Pią i rodzice są niezastąpieni, cały czas się mną opiekują, pocieszają. Przecież to tylko dwa tygodnie, później już będzie coraz lepiej.
Jeśli chodzi o wagę, po powrocie ze szpitala pokazało się równiutkie 71 kg. Tylko, że obawiam się, że w tym momencie jest więcej - bo mama. Co chwilę każe mi coś jeść - na uzupełnienie witaminek, minerałów i takich tam. Same pyszności podtyka mi pod nos. Ale dzisiaj już powiedziałam STOP i wracam do racjonalnego, zdrowego żywienia. Skoro nie mogę ćwiczyć to muszę myśleć zanim napcham się jakimiś zapychaczami.
I tak dzisiaj już zjadłam na śniadanie:
2 małe skibki chleba orkiszowego z twarożkiem białym wymieszanym ze szczypiorem, ogórem, koperkiem, pomidorem i rzodkiewką (pycha!!)
na II śniadanie zjadłam 4 pierogi ruskie na zimno
na obiad będzie chłodnik ze świeżych ogórków i bub
co później nie wiem, ale na pewno będzie zdrowo!

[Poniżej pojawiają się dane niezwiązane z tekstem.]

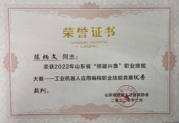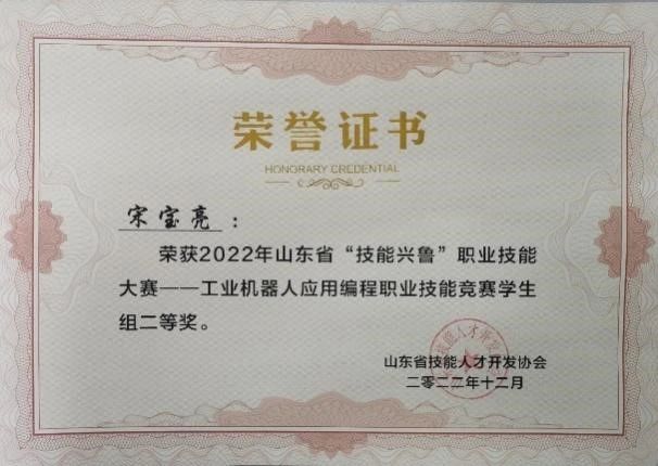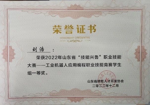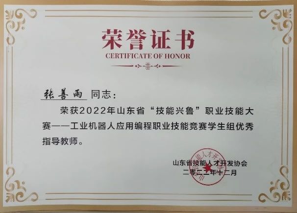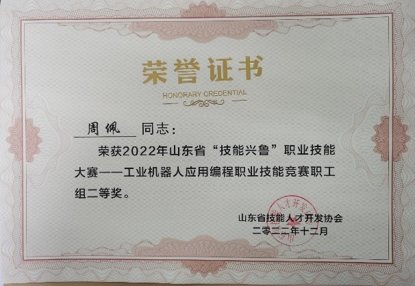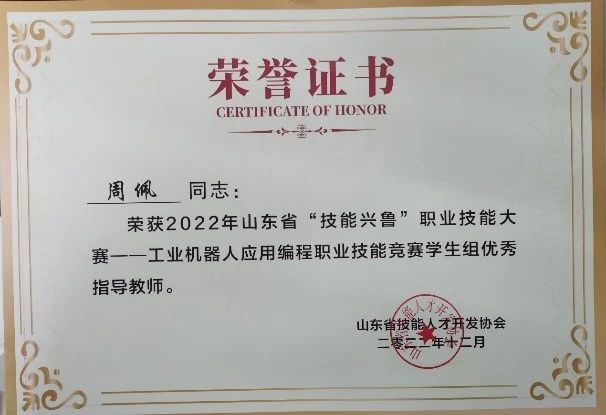 2022年12月,山东省“技能兴鲁”职业技能大赛工业机器人赛项在山东临沂成功举办,机电工程系选派的师生参加职工组、学生组比赛。由张善雨指导的刘浩同学获学生组第一名,周佩指导的宋宝亮获学生组二等奖,张善雨、周佩获优秀指导老师奖。同时,周佩老师参加职工组比赛,获得二等奖,近期荣誉证书正式下发。
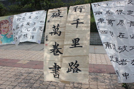 为丰富校园文化建设,提高大学生文化素养,我系宣传部于2014年4月17至18日期间在二食堂门口举办了以“写出人生,画出精彩”的书画大赛主题活动。
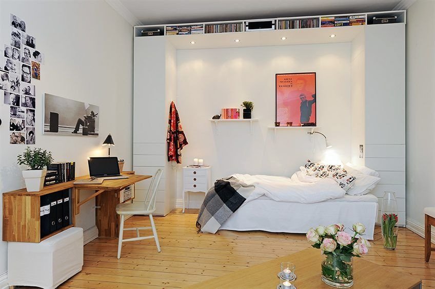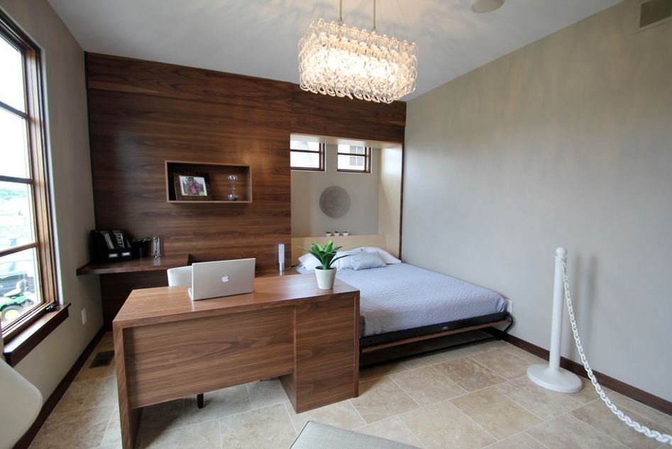 Los propietarios de pequeños apartamentos tienen que refinar el diseño de sus locales y buscar soluciones innovadoras para interiores. Áreas combinadas: una opción elegante y versátil. Los métodos de diseño modernos le permiten crear dos plataformas completamente diferentes dentro de la misma habitación, que no se interfieren entre sí. No sorprenderá a nadie con el dormitorio-sala de estar y la cocina-comedor, pero la combinación del dormitorio y el área de trabajo todavía se ve fresca y original. Esta opción es adecuada para aquellos que necesitan un espacio para la actividad, pero no hay ningún lugar para organizarlo. Durante el día, la habitación suele estar vacía, por lo que nadie interferirá con el trabajo, y la zonificación competente de la habitación permitirá que los adictos al trabajo se queden despiertos hasta tarde. Considere los matices del diseño de tales premisas, sus pros y sus contras.
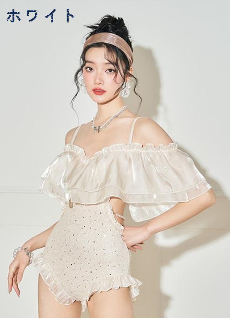 連体水着 水着 一字肩 フリル セクシー ストラップ スリム リゾート 温泉
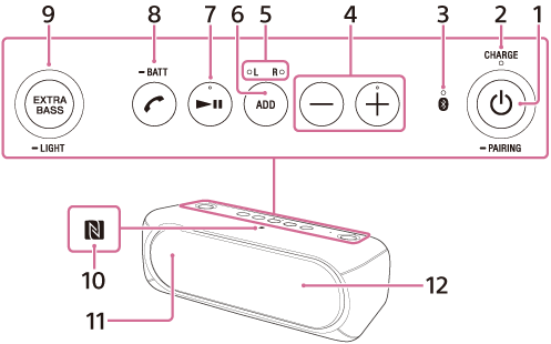 Osvetljenje ugrađeno u zvučnik se uključuje/isključuje kada pritisnete i držite ovo dugme oko 3 sekunde. - Oznaka N
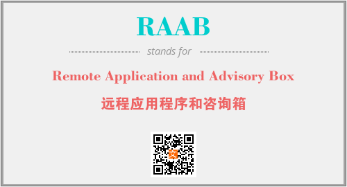 上述内容是“Remote Application and Advisory Box”作为“RAAB”的缩写,解释为“远程应用程序和咨询箱”时的信息,以及英文缩略词RAAB所代表的英文单词,其对应的中文拼音、详细解释以及在英文中的流行度和相关分类、应用领域及应用示例等。
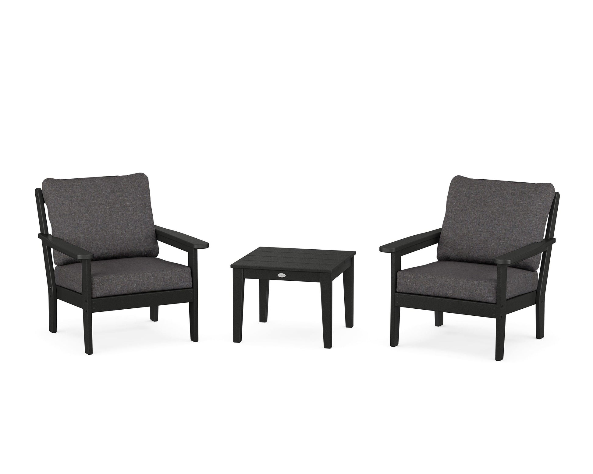 Bring that home-sweet-home feeling outside with the Cottage 3-Piece Deep Seating Set, the perfect spot to gather together or steal away for some solo time. Traditional style and stay-awhile comfort find harmony in the chairs' gently bowed backrests, supportive cushions, and embracing armrests. A coordinating end table ensures your cappuccino or cocktail is never too far away.
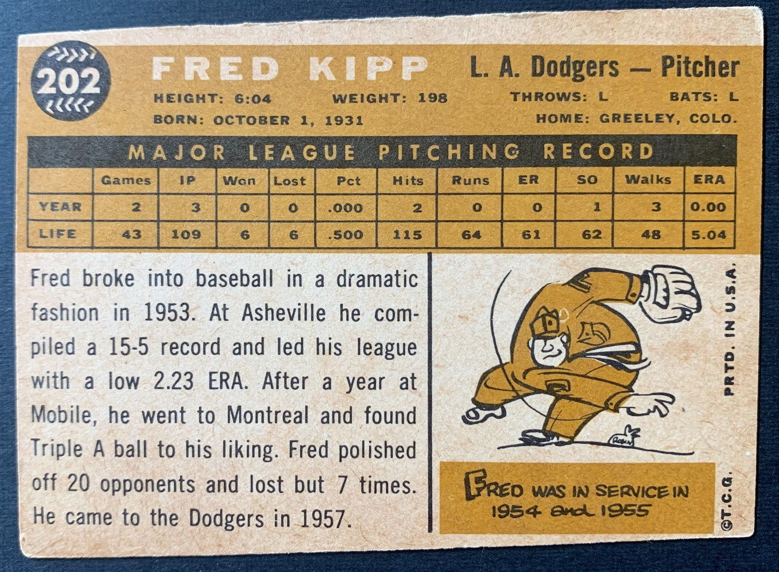 • 1960 Topps #202 Fred Kipp Los Angeles Dodgers Baseball Card MLB Pitcher
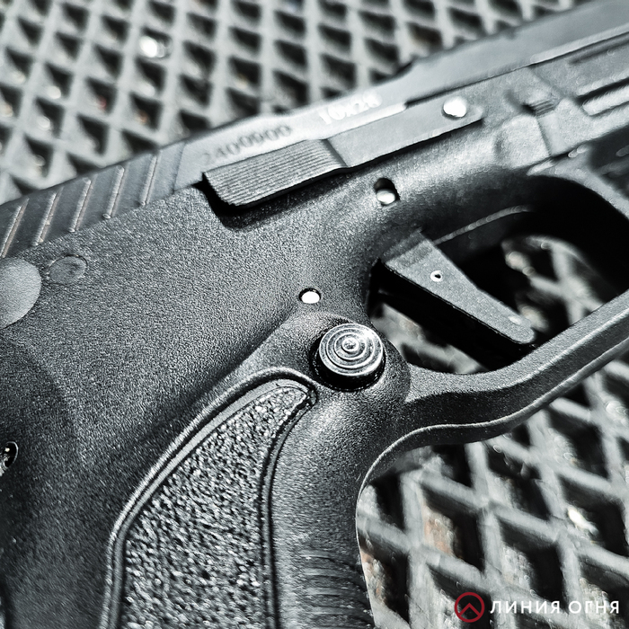 Клавиша сброса магазина выведена на обе стороны. Здесь она увеличенного размера. Иногда, у некоторых экземпляров, она может туго нажиматься. Это тоже всё решаемо, если такая проблема вообще образовалась.
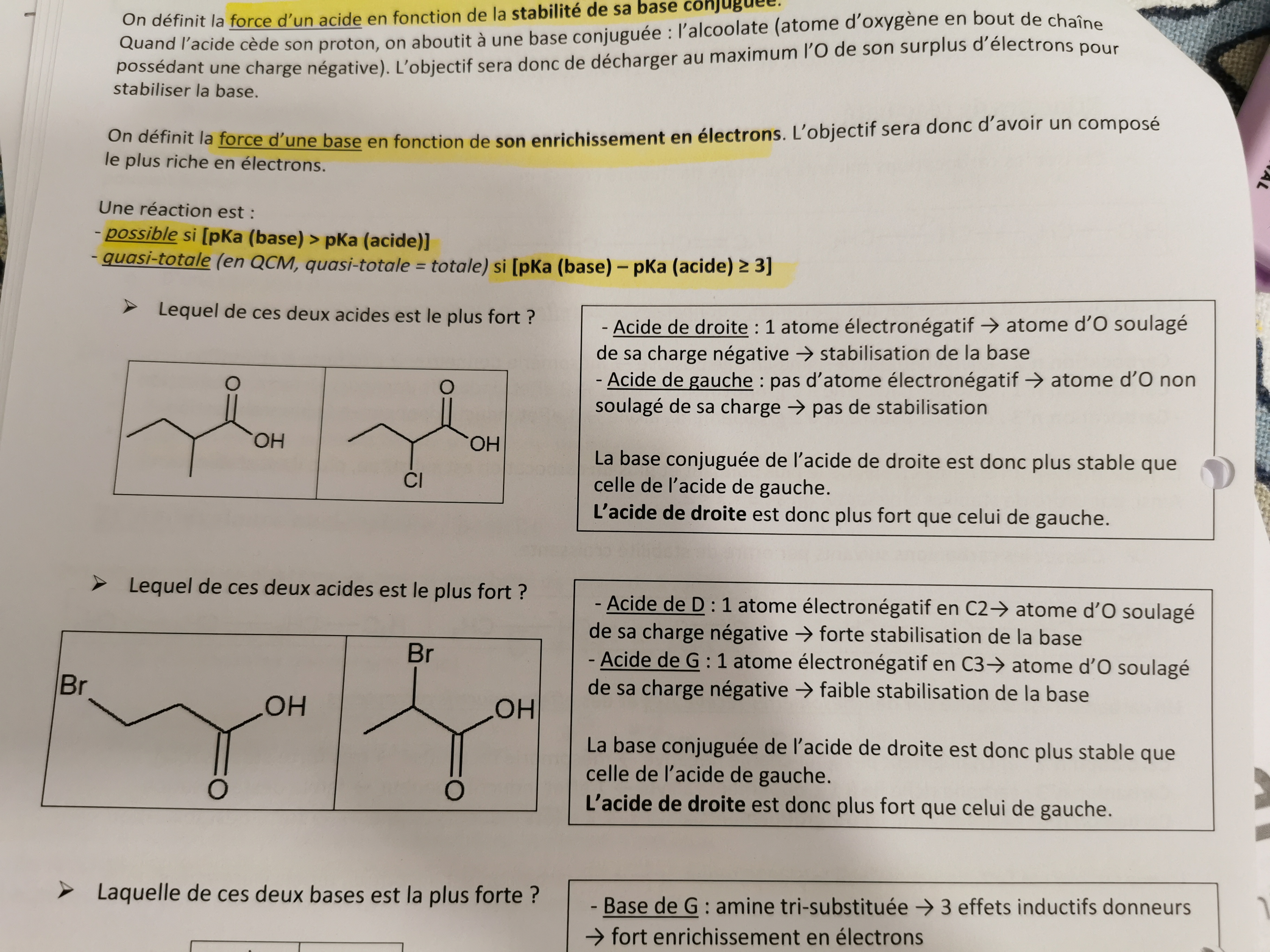 Par exemple, un atome electronégatifs pas trop loin de ton groupement acide va attirer vers lui les électrons donc rendre le groupement moins négatifs et plus stale (comme avec le Chlore dans la ronéo).
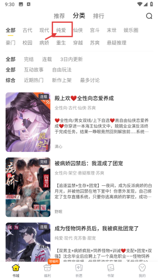 2、在分类页面,点击纯爱分类,进入纯爱小说列表页。
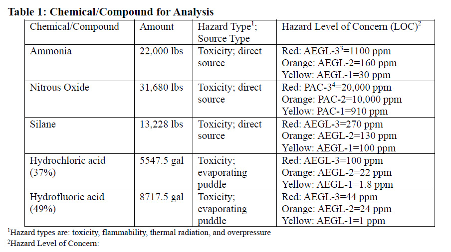 The study, commissioned by the local advocacy group Citizens Alliance for Government Integrity (CAGI) and released this week, modeled accidental releases of 5 hazardous chemicals (out of a total of 21 total hazardous chemicals Silfab would use, according to the report), including Anhydrous Ammonia, Silane, Hydrofluoric Acid, Hydrochloric Acid, and Nitrous Oxide.
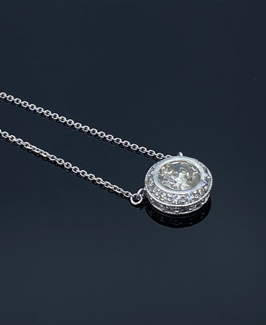 Halo Bezel-Set Round-Cut Diamond Pendant in 14K White Gold
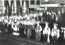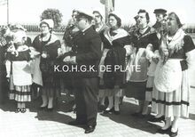 Vergroting. Formaat : 30 x 40 cm. - Het koor "Het Loze Vissertje" luistert de jaarlijkse Vissershulde op aan het Monument der Zeelieden op het Zeeheldenplein
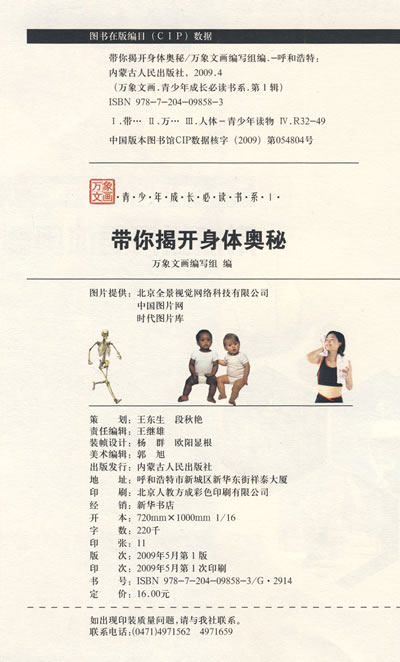 《带你揭秘身体奥秘》为青少年成长必读书系中的一本,带你揭开了人类身体的奥秘。《青少年成长必读书系》信息量大,在包罗万象的知识体系中,总揽了国学精粹、社科立志、政治军事、科学技术、人文历史、山川风物、百业众艺等方面内容,为中华上下五千年文化的“名牌效应”重铸生命,注入现代人的世界视野、理性判断和科学情怀,拓展出更高、更远的新境界。丛书版式新颖,设计精美,图文并茂。大量或直观或蕴籍的图片让人耳目一新,使它成为不同层次、不同地区、不同文化背景的人之间进行有效交流与沟通的“通用语言”和桥梁,在一定程度上消除了因知识层次的差异而带来的传播壁垒,突破了知识精英的狭小范围,赋予大众传播以“大众化”、“普及化”的意义。
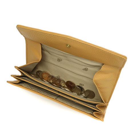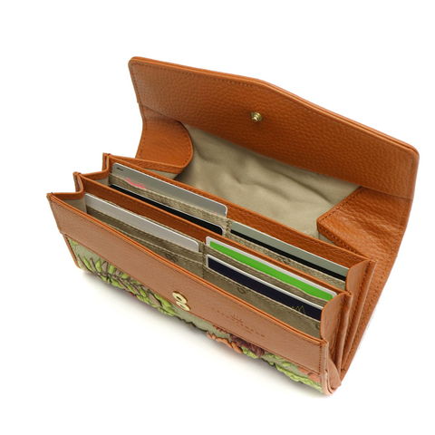 収納部はカードポケットを24カ所設け、多くなりがちなカード類もきちんと収納可能です。小銭入れは大きく開くギャルソンタイプ。見渡しやすく、お会計もスムーズに行えます。さらに外装には丁度良い大きさの背面ポケットを設けているので、駐車券やチケットなど、サッと取り出したい物の収納に最適です。
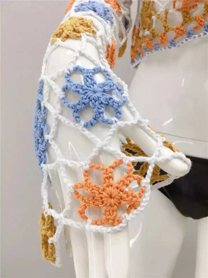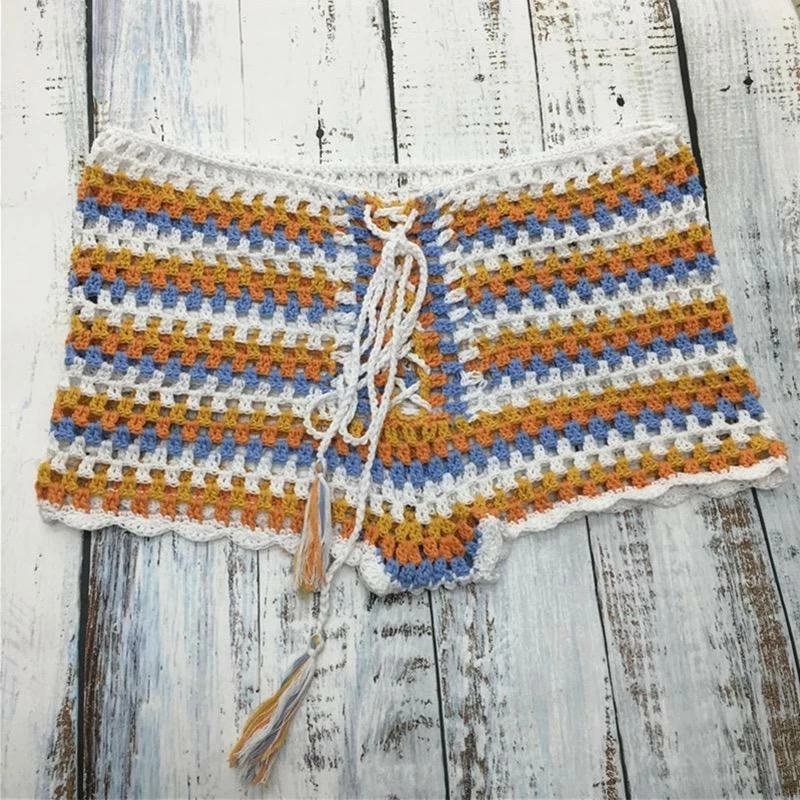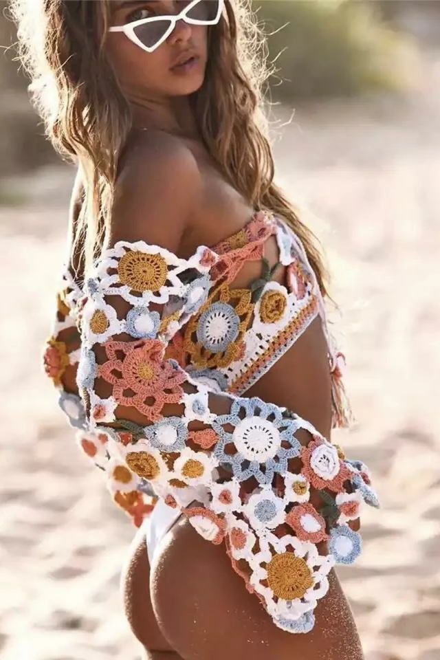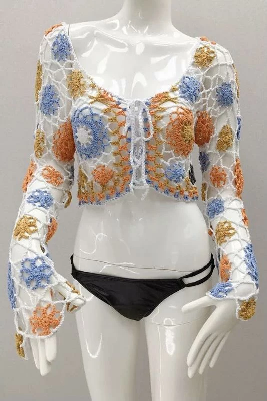 Feel the ocean breeze in this stunning hand made, crotchet long sleeve crop top with a sting lace up center and flower designs. Set also includes matching high rise multicolor booty shorts. How this set on over a little bikini with big sunglasses for the cutest beach look!

Namówię też Pią na wieczorny spacer, w ciemnych okularach oczywiście.
PalaLala28
14 lipca 2012, 15:52Będzie dobrze!!! A ludźmi się nie przejmuj.Życzę powrotu do zdrowia:D
Julcia0050
14 lipca 2012, 15:41Dobrze będzie Kochaniutka :*** Zdrowiej Nam szybciutko! :))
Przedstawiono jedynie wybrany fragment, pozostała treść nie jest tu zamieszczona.